# Turing machine that applies homomorphism on input string

I really need some help with this problem. I'm running into the issue that the input is running out of space to append the 11 or 10. I could really use some help conceptualizing this problem and how to think about Turing machines in general.

Change the original input with a 1  into 11 and 0 into 10. You must also append a 01 to the start of the input once it is finished.  for instance, if the input  was 10110, then the output would be 011110111110.

• Your title is very general. Perhaps you could make it more specific? – Yuval Filmus Oct 16 at 22:58

If you have a single tape Turing machine then your main conceptual problem is separating input from output. You could approach this problem as follows:

Initial configuration:

• We will assume the tape is filled with spaces apart from a single input string which consists of a non-empty sequence of $$0$$s and $$1$$s.
• We will assume the Turing machine starts at the first character (left hand end) of the input string.

Intermediate configuration:

• We will construct an output string which is a sequence of $$0$$s and $$1$$s.
• The output string will be to the right of the input string, with a single space between them.
• We will erase the input string one character at a time from the left, and build the output string by adding two characters at a time to its right hand end.

Final configuration:

• When the Turing machine stops we will have erased the whole input string, and the tape will contain spaces and the output string.
• The Turing machine will stop at the first character of the output string.

Outline algorithm:

1. Read the first character of the input string and "remember" whether it is a $$0$$ or a $$1$$ (short term "memory" in a Turing machine consists of defining different states).
2. Erase the first character of the input string by writing a space.
3. Move right until you find a space (so you have gone past the end of the input string).
4. Move right until you find another space (so you have gone past the end of the output string).
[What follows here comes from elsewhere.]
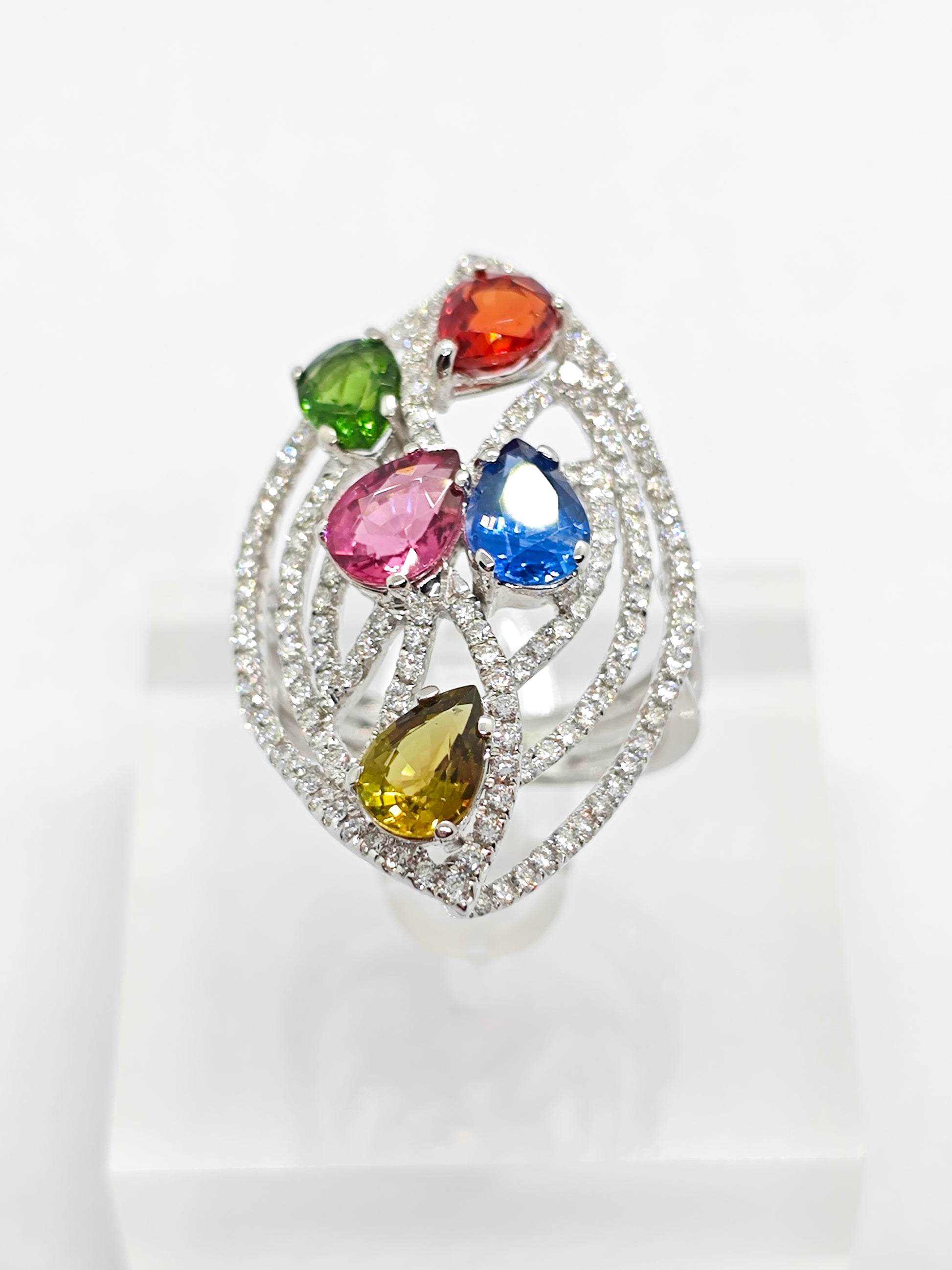 150 diamonds (0.91 carat), 5 fanci colour gem stones (4.1 carat)

Write $$1$$.
5. Move right. If the first character of the input string was $$0$$ write $$0$$; if it was $$1$$ write $$1$$.
6. Move left until you find a space (so you have gone past the beginning of the output string).
7. Move left until you find another space (so you have gone past the beginning of the input string).
8. Move right. If there is a $$0$$ or a $$1$$ here then there is more input to be processed so go to step 1.
9. The input string is now empty and you are at the space before the start of the output string. Write $$1$$.
10. Move left, write $$0$$, and stop.

As you will find, designing a Turing machine for even a simple task is very laborious, and it takes practice to break down a task into very small steps. You will need between $$15$$ and $$20$$ states for this Turing machine.
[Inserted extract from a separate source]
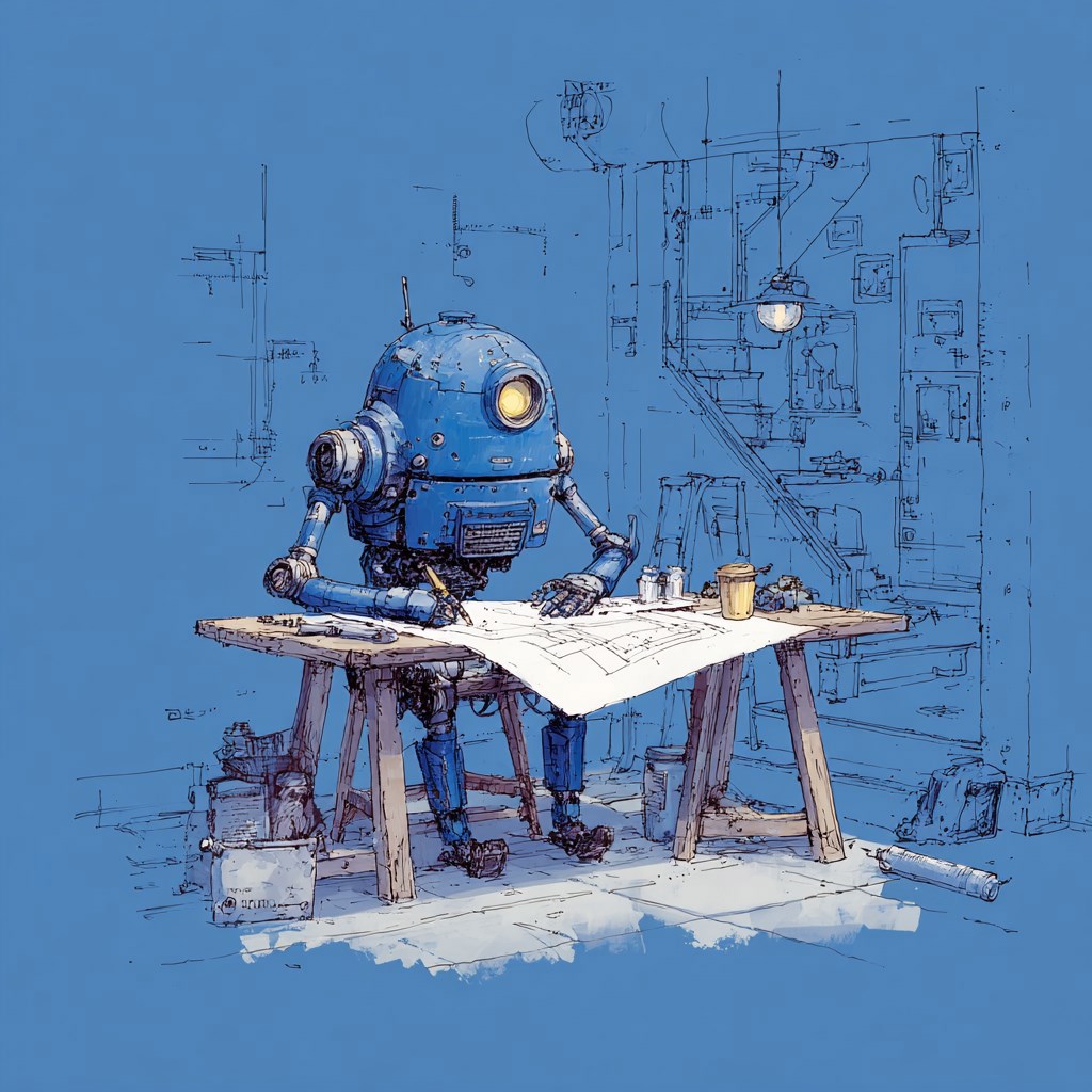 Иллюстрация #421 Автор: Ярослав An android robot sits at a table and draws a blueprint. Atomic Punk --chaos 5 --stylize 150 retrofuturism, midjourney, atomicpunk 23 Пожаловаться
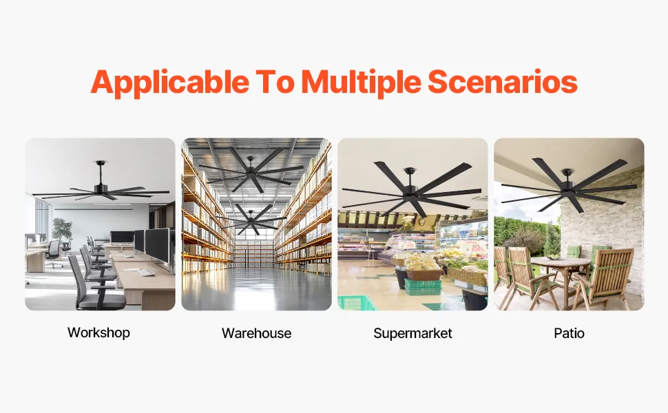 Dotato di un motore CC reversibile di alta qualità, questo moderno ventilatore da soffitto eroga un potente flusso d'aria (12000 CFM) mantenendo un basso livello di rumorosità (45 dB), garantendo un ambiente tranquillo e confortevole.

I could really use some help conceptualizing this problem and how to think about Turing machines in general.

Turing Machines are formal logical models that can express computation. You can think of them as mechanical machines that perform read and write operations on one or more tapes containing symbols. These operations are not performed randomly but based on a table (called the transition function) which is the true essence of the Turing Machine, without it the machine could not even move from the initial state. This table specifies what the machine must do in each state, based on the 'settings' of the "machine world state", for example:

1. If the machine is in state $$q_1$$ and it reads a '$$1$$' on the input tape, then write a '$$0$$' on the working tape and move left on the same tape.
2. If the machine is in state $$q_3$$ and it reads a '$$0$$' on the input tape, then go to state $$F$$ (HALT).

These are some basic description of a TM, if you want to know them better (and I believe it is mandatory to master them if you want to continue with this discipline). Then you need to open a textbook and dig into these concepts. Now going back to your problem, you might find it useful to throw down a high-level description of an algorithm (turing machine) that performs the required transformations on the input string; then you can proceed from here, after you have learned how to formally define a turing machine, and draw your model.

Possible algorithm:

2. if input at position $$i = 1$$, then write a $$1$$ on the working tape at position $$i$$ and a $$1$$ at position $$i+1$$, then move right on the input tape.
3. if input at position $$i = 0$$, then write a $$1$$ on the working tape at position $$i$$ and a $$0$$ at position $$i+1$$, then move right on the input tape.
To this you need to add the implementation for adding '$$01$$' at the start of the string.